A couple of days ago, I was sitting at a particularly good Italian restaurant around Pier 39 in San Francisco with a friend. A typical day in the city, it was a tumultuous blend of fog, chilly winds and the general pulse which gives San Francisco its character. As we ate some excellent Calamari and Risotto – our conversation ranged over some very interesting developments in the bay area's startup scene. We were talking about various ideas which were being thrown around, and analyzing to an extent their relative pros and cons.. and somehow, turned to the subject of national security and the internet's role in weakening it. Which is when the unbelievable, yet completely plausible statement tumbled out.

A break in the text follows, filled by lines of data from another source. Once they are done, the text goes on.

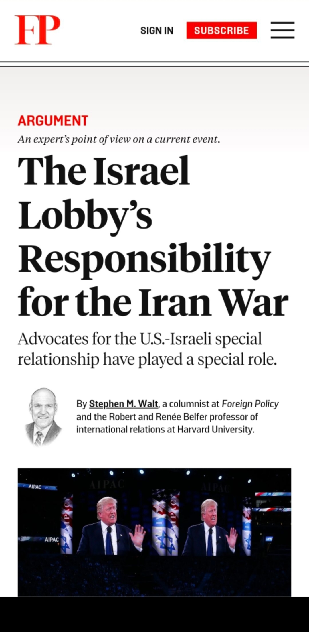 اللوبي الإسرائيلي.. قوة سياسية داخل واشنطن ..ودوره في الحرب الإيرانية..لـ: صحيفة فورين بوليسي الخميس ـ 19 مارس ،2026م متابعات دولية| أجراس- اليمن الكاتب: ستيفن إم. والت – أستاذ العلاقات الدولية في جامعة هارفارد وكاتب عمود في مجلة فورين بوليسي. نشرت مجلة فورين بوليسي مقالًا تحليليًا للكاتب ستيفن إم. والت، أستاذ العلاقات الدولية في جامعة هارفارد، سلط فيه الضوء على الدور الذي يلعبه اللوبي الإسرائيلي في الولايات المتحدة، لا سيما اللجنة الأمريكية للشؤون العامة الإسرائيلية (AIPAC)، في توجيه السياسات الأمريكية نحو إيران ودفعها نحو صراع مسلح محتمل. المحور الرئيسي للمقال الكاتب يناقش فكرة أن جماعات الضغط الداعمة للعلاقة الخاصة بين الولايات المتحدة وإسرائيل (اللوبي الإسرائيلي)، بما في ذلك منظمات مثل اللجنة الأمريكية للشؤون العامة الإسرائيلية (AIPAC)، كانت لها دور مهم في دفع إدارة الرئيس الأمريكي نحو خيار الحرب ضد إيران. النقاط الأساسية المترجمة للمقال العلاقة بين واشنطن وتل أبيب طويلة الأمد الكاتب يشير إلى أن العلاقات الأمريكية‑الإسرائيلية ليست فقط علاقات تحالف تقليدية، بل لها أبعاد سياسية داخلية في الولايات المتحدة تؤثر على صنع القرار في موضوعات مثل ايران دور جماعات الضغط (اللوبي) يرى أن جماعات الضغط المؤيدة لإسرائيل تمارس تأثيرًا كبيرًا على المجتمع السياسي الأمريكي من خلال العلاقات مع أعضاء الكونغرس، وسائل الإعلام، والدوائر السياسية، ممّا يسهم في خلق مناخ يؤيد سياسات أكثر عدائية تجاه إيران. لماذا هذا مهم في سياق الحرب الإيرانية في الوقت الذي يرى فيه الكاتب أن القرار النهائي بالعمل العسكري يعود في نهاية المطاف إلى الرئيس الأمريكي وحلفائه، فهو يُبرز أن اللوبي الإسرائيلي لعب — وفقًا لتحليله — دورًا في تكوين القرارات وسياسات الاستراتيجية العامة التي أدّت في النهاية إلى الحرب مع إيران. ليس السبب الوحيد، لكن عامل مهم المقال لا يذهب أبعد من ذلك ليقول إن اللوبي هو السبب الوحيد للحرب، وإنما أنه عامل مؤثر ضمن مجموعة من العوامل التي دفعت واشنطن نحو هذا الخيار. تلميحات نقدية لإدارة السياسة الخارجية المقال يحث القرّاء على التفكير في مدى تأثير اللوبيات السياسية على السياسات الخارجية، وكيف يمكن للضغوط الداخلية أن تتداخل مع المصالح الاستراتيجية الوطنية الأمريكية. المقال يقدم تحليلًا نقديًا لمدى تأثير اللوبي الإسرائيلي في الولايات المتحدة على قرار الحرب مع إيران، ويطرح أن دور هذه الجماعات — من خلال التأثير على صناع القرار الأمريكي — كان من العوامل التي ساهمت في رسم مسار الأحداث التي أوصلت إلى هذا الصراع. لكنه في الوقت نفسه لا يُحمّل اللوبي وحده المسؤولية الكاملة، بل يضعه ضمن مجموعة من القوى والمؤثرات في السياسة الخارجية الأمريكية.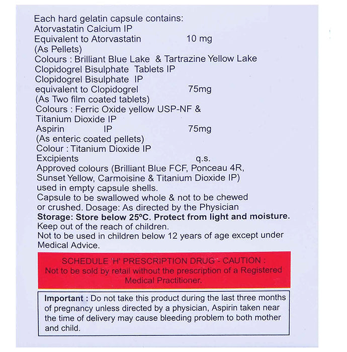 Composition : Aspirin (75mg) + Atorvastatin (10mg) + Clopidogrel (75mg)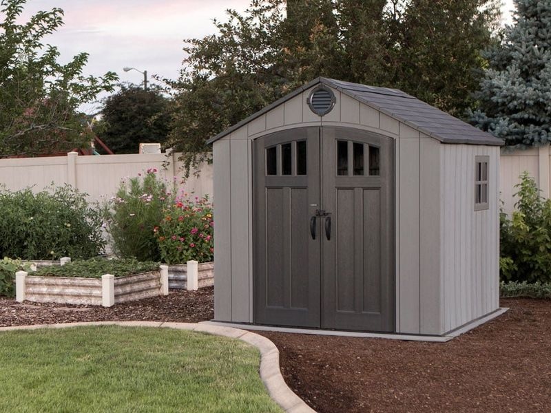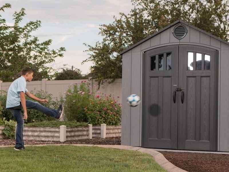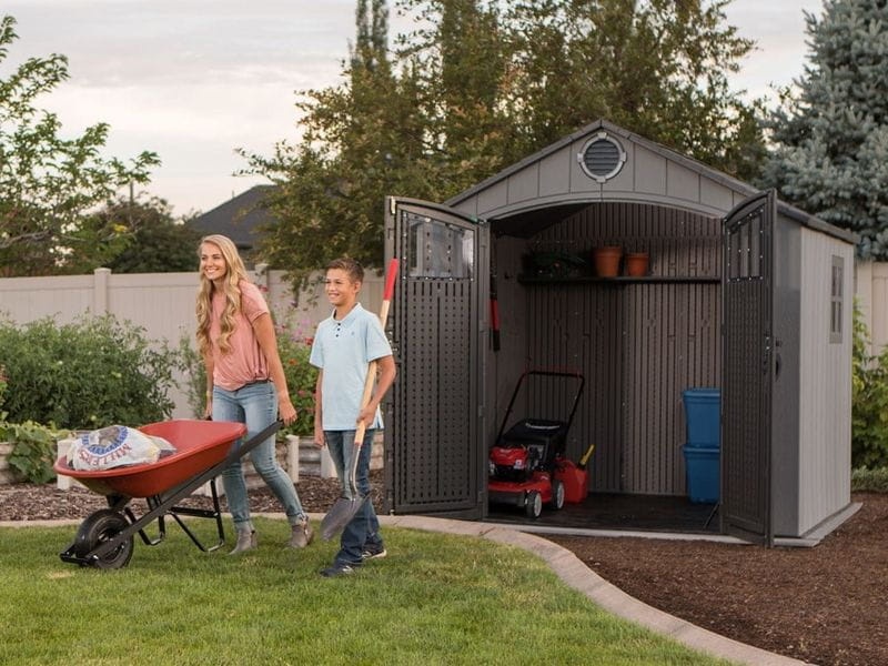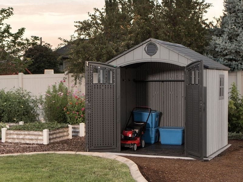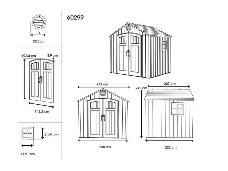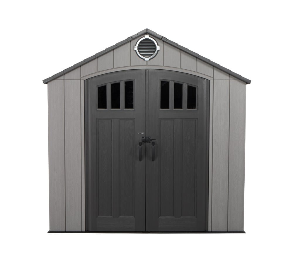 Součástí domku jsou také velké dvoukřídlé dveře, které umožňují snadný přístup a jednoduché uložení vašeho vybavení. Můžete tak v domku bez problému uschovat i širší zahradní náčinní.

The NSA in the US is one of the most, if not THE most, sophisticated spy agencies in the world. And like any other organization, they have reasons to use the Internet to not only gather information but also communicate with agents and field offices around the world. What is interesting is that NSA employees searching for information on any of the major search engines on the web – Google, Yahoo or what have you MUST leave traces of their original Internet addresses with these. And anyone with half a mind could easily piece together what information was being searched for! But it is inconceivable that an organization such as this would be amateur enough to let this happen. But how would they solve it?
The answer – replicate the internet. That statement may contain 3 words, but it is probably one of the very few today which non-trivially encapsulate millions of hours of work in it, not to mention huge cost incursions. Which led me to the inevitable question – can even the NSA with a huge chunk of the US defence budget have the resources to carry off what would arguably be the biggest project in modern technological times? I thought I'd do some research to see if this was even possible. We know that the largest information repository in the world today – publicly known anyway – is the one at Google. Considering their search engine is the most effective at piecing together even those parts of the web which are very remotely connected to other parts. One option the NSA has is to make a mirror of sorts of the google search engine on a local intranet, and then search this index locally to locate the resource needed. This way, they can have their addresses show up only at the particular resources, and those too can be covered by the use of hacks and other pieces of technology which aims at doing this. This if of course assuming that they don't already have a wide array of IP addresses meant to throw off any tracking agents for exactly this reason!
The most impressive method of course turns out to be their possible replication of the web itself. Given their resourcefulness, replicating each of the 13 root servers, compressing all the data on the known web into a single database, and then developing technologies to search these in real time is the most effective. The ramifications of such an act of course, are staggering. Not only do they have the largest storehouse of human knowledge to ever have existed at their fingertips, they are probably the only ones who can come close or surpass the kind of work which google is doing right now. Which is saying a lot.